Brother Guo had finally sent a messenger, who told us that he had evacuated by boat to Sanchong.
Depression
Chen Zhihui: Following a suggestion from Professor Xu, throughout this time period Dr. Guo Xiucong organized under the alias Lin Yijun (林逸俊). He kept his face covered and luckily avoided arrest and assassination. Nonetheless, he hid in Sanchong for over a month.
In April of 1947, Dr. Guo Xiucong’s father passed away from a lung illness. Dr. Guo took off his glasses and grew a beard. He also wore a workers uniform, and covertly returned to his family’s home, where almost nobody recognized him. For an entire year afterwards, he roamed throughout with this disguise.
Dr. Guo Xiucong later told me that up until the arrival of the 21st Division, the student brigade only had 50-something guns and very little gunpowder. The Huashan Armory, which they had seized, was low on stock. Considering the massive supply deficit, he knew that if they continued the fight, they would pay an even greater, bloodier price. And so, he ordered all indigenous, worker, peasant, and student brigades into hiding. After March 9th, numerous student leaders were killed, one after the other.
Nowadays, I often think, Dr. Guo must have been remorseful. After the incident, he entered a long ideological depression. Where would Taiwan go? Dr. Guo Xiucong painstakingly contemplated this question…
This was May of 1947. His teacher, Professor Xu introduced him to a person by the last name Cai.13 Undoubtedly, for Dr. Guo, meeting Cai marked another turning point in his life. I’m not clear on the details, but I do know that Cai led him to redefine his understanding of the Chinese’s people’s struggle.14 His heart, on the search for a national consciousness, had found a new home.

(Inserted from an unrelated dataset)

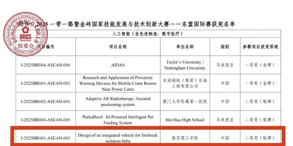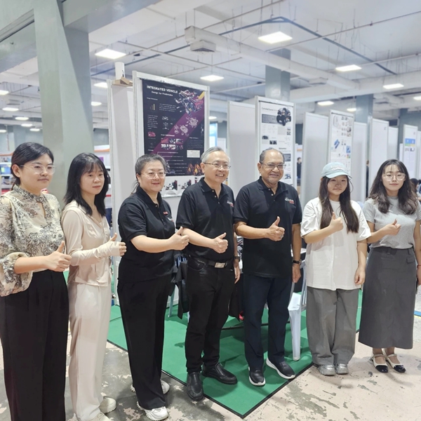 与此同时,在吉隆坡工程科技与科学展现场,燕京理工学院参赛学生代表对参赛作品逐一进行全英文讲解,详细介绍作品的设计创新、功能特性和实践意义,与评委老师深入交流探讨,全面展示作品的创新价值与应用潜力,认真接受评委的专业打分与点评指导。经过前期的校内指导、国内评审等环节,最终有 6 件作品被选送参展。其中,防火隔离带一体车设计在“一带一路”金砖国家技能发展与技术创新大赛中荣获银奖。在吉隆坡工程科技与科学展中,燕京理工学院 6 件参展作品全部获奖。地面工程车系列设计获得金奖;防火隔离带一体车设计获得银奖;医疗废物回收运输车与日用品系列设计获得铜奖;海洋守护者产品设计、适老化超市子母集产品设计获得优秀奖。

After his father’s death, the Guo estate in Shilin, which consisted of 11 mansions, served as a shelter for Guo Xuicong’s friends, who came from all walks of life. The Dr. Guo Xiucong that I knew had few materialistic desires; he looked up to Tolstoy’s compassion. Every holiday, Xiucong’s father provided aid to Shilin’s impoverished. Xiucong once told his father, to his face, “true charity would be to take our family’s property and land, and redistribute it to these people…”
After the both of us were detained, I once passed him a note which read, “I can’t tell you how much I wish that one day, future generations will rename the East Road in Shilin after you.”
Dr. Guo Xiucong chastised me. “Individualist heroism is a worthless ideology, we have to work on our worldviews, Zhihui.”
But believe it or not, the selfless Xiucong was actually extremely stingy. Before we married, while we were still dating, all he’d bring would be a bag of peanuts, or a stalk of sugarcane! When we went to the movies, I would have to buy tickets! I could never wrap my head around this. How could the heir of the Guo family be like this? One time, he asked me to borrow my necklace. I asked him what in the world he’d do with it, and he replied that one of his friends needed money badly, and that he’d first pawn the necklace and lend his friend the money. After his friend’s paycheck came in, he’d return it to me.
He managed to hide away in Sanchong, avoiding the apex of the violence. After returning to Shilin, Dr. Guo Xiucong was hired by the Ministry of Health. The health minister was a Dr. Jing Libin (经利彬), who had arrived from the Mainland, previously serving as the dean of Peking Union Medical College. He admired Dr. Guo Xiucong’s work ethic and passion, and charged him with promoting basic health and sanitation in the area. At the time, people would say to Xiucong, “Keep it up, and you’ll be the Dean of NTU Hospital in no time!” Little did they know, he thought nothing of these individualist pursuits!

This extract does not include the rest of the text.